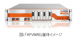 「ArrayAPVシリーズ」は、負荷分散機能をベースに、暗号通信を高速化するハードウェアSSLアクセラレータ、コンテンツ圧縮、サーバーの負荷を軽減する高速リバースキャッシュなどの機能を標準搭載し、Webシステムやアプリケーションの高性能、可用性、信頼性を実現します。本シリーズの中で「APV9650」は、10GEthernet×8ポート、ハイスピードHTTPプロセッシング技術などにより、ボックスタイプとしては業界最速クラスの最大スループット60Gbpsを実現し、大規模ネットワークを有する企業やキャリア、データセンター向けに優れたソリューションを提供します。
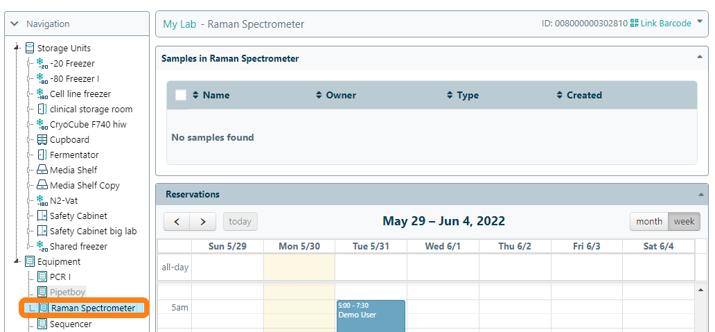 When the planner option for a device is active, you can see when devices are available and when a device can be reserved for an experiment. Browse to Inventory – Inventory Browser, open the equipment in the inventory tree and select the device that you want to book. In the planner, you can see all reservations and be able to add bookings by clicking in the planner at the start time. Drag and drop to select the reservation end time.
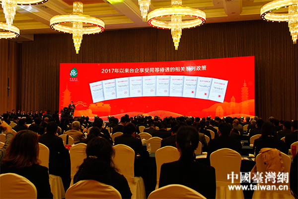 會上展示昆山市2017年以來臺企享受同等待遇的相關(guān)系列政策。(中國臺灣網(wǎng) 汪明珠 攝)
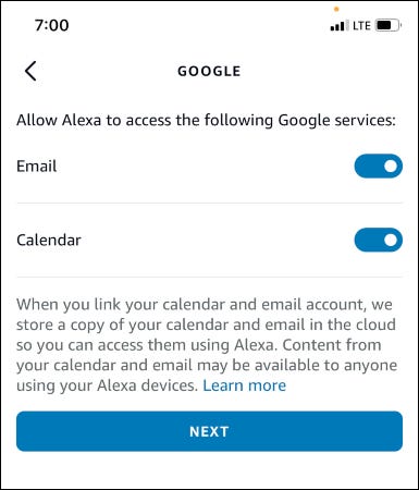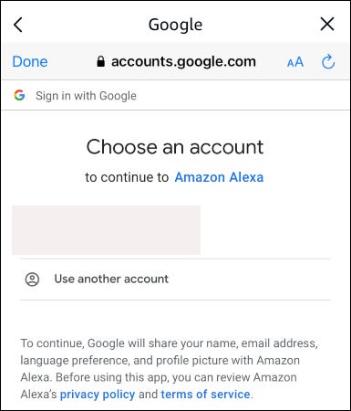 单击“添加帐户”。从 Google、Microsoft 或 Apple 中进行选择,允许 Alexa 访问服务并链接您的日历和/或电子邮件帐户。出于本文的目的,我们将使用 Gmail。

# TASK STATEMENT
Keeping every word as it is, write out all the data and omit the pictures.

# SOLUTION
 「ArrayAPVシリーズ」は、負荷分散機能をベースに、暗号通信を高速化するハードウェアSSLアクセラレータ、コンテンツ圧縮、サーバーの負荷を軽減する高速リバースキャッシュなどの機能を標準搭載し、Webシステムやアプリケーションの高性能、可用性、信頼性を実現します。本シリーズの中で「APV9650」は、10GEthernet×8ポート、ハイスピードHTTPプロセッシング技術などにより、ボックスタイプとしては業界最速クラスの最大スループット60Gbpsを実現し、大規模ネットワークを有する企業やキャリア、データセンター向けに優れたソリューションを提供します。
 When the planner option for a device is active, you can see when devices are available and when a device can be reserved for an experiment. Browse to Inventory – Inventory Browser, open the equipment in the inventory tree and select the device that you want to book. In the planner, you can see all reservations and be able to add bookings by clicking in the planner at the start time. Drag and drop to select the reservation end time.
 會上展示昆山市2017年以來臺企享受同等待遇的相關(guān)系列政策。(中國臺灣網(wǎng) 汪明珠 攝)
 单击“添加帐户”。从 Google、Microsoft 或 Apple 中进行选择,允许 Alexa 访问服务并链接您的日历和/或电子邮件帐户。出于本文的目的,我们将使用 Gmail。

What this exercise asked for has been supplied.